Oh God, it's so good to see all these messages!! My daughter is just 2 and a half weeks and she's great during the day but just on and off cranky from 8 till 2am! and my partnet and I are sooo tired. And I cry. Really good to know there is some light at the end of the tunnel and that my baby is not the only one!

fedda · 29/04/2006 19:24

You are right, there is some light at the end of the tunnel. My tip for not being overtired is to sleep when your baby is sleeping. Babies often sleep well during the day and not so well during the night, so have your rest when you have a chance. Best of luck!

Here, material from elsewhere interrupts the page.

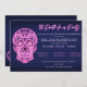 Crâne de sucre néon rose sur fond de brique sombre - cette invitation est l'une de nos préférées pour une soirée enterrement de vie de garçon/fille, un anniversaire, une fête d'Halloween, ou même un mariage à thème ! Vous pouvez personnaliser l'invitation avec vos propres détails d'événement !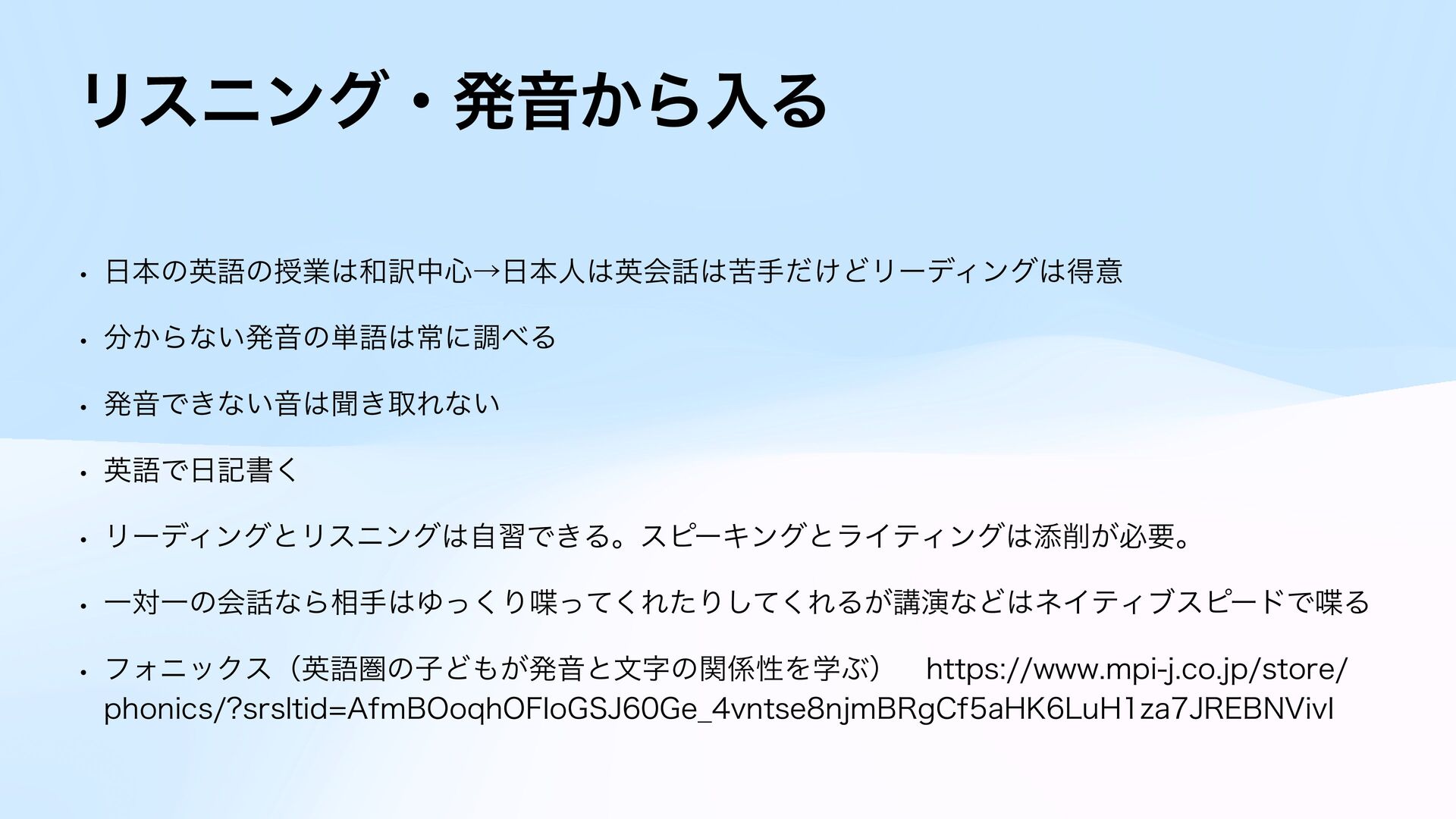 ϦʔσΟϯάͱϦεχϯάࣗशͰ͖ΔɻεϐʔΩϯάͱϥΠςΟϯάఴ͕ඞཁɻ w ҰରҰͷձͳΒ૬खΏͬ͘Γͬͯ͘ΕͨΓͯ͘͠ΕΔ͕ߨԋͳͲωΠςΟϒεϐʔυͰΔ w ϑΥχοΫεʢӳޠݍͷࢠͲ͕ൃԻͱจࣈͷؔੑΛֶͿʣɹIUUQTXXXNQJKDPKQTUPSF QIPOJDT TSTMUJE"GN#0PRI0'*P(4+(F@WOUTFOKN#3H$GB),-V)[B+3&#/7JW*

dandycandyjellybean · 29/04/2006 20:49

I had been waiting for 12 years for a baby, and yet I absolutely hated pretty much every single minute of the first 3 months of my ds's life!!! Sad I could have quite happily opened the front door and pushed him into the arms of any passing stranger. Blush I just felt like I had made this terrible mistake and wanted it all to go back to just being me and my dh. Shock I had a lovely pg but then an absolutely horrible 3 days of prep up to a horrible birth, and somehow never quite got things back. I had no confidence in myself as a mother, and could never tell what it was he wanted/needed. However all of that said, once he began to respond and smile, and I began to realise that I was the MUM and that nobody else quite knew what was right for my baby except for me, I began to get some confidence. Now, my ds is 6 months old, and although some days can be tough (as it is still extremely hard work!!!) I love it (and him) big stylie. I would say that things began to really change around 4 months, so hang in there. And in the mean time try to get as much help as you can, and although it's a bummer, coz you want a life, sleep when dd sleeping. It really does help. The best is yet to come. Grin.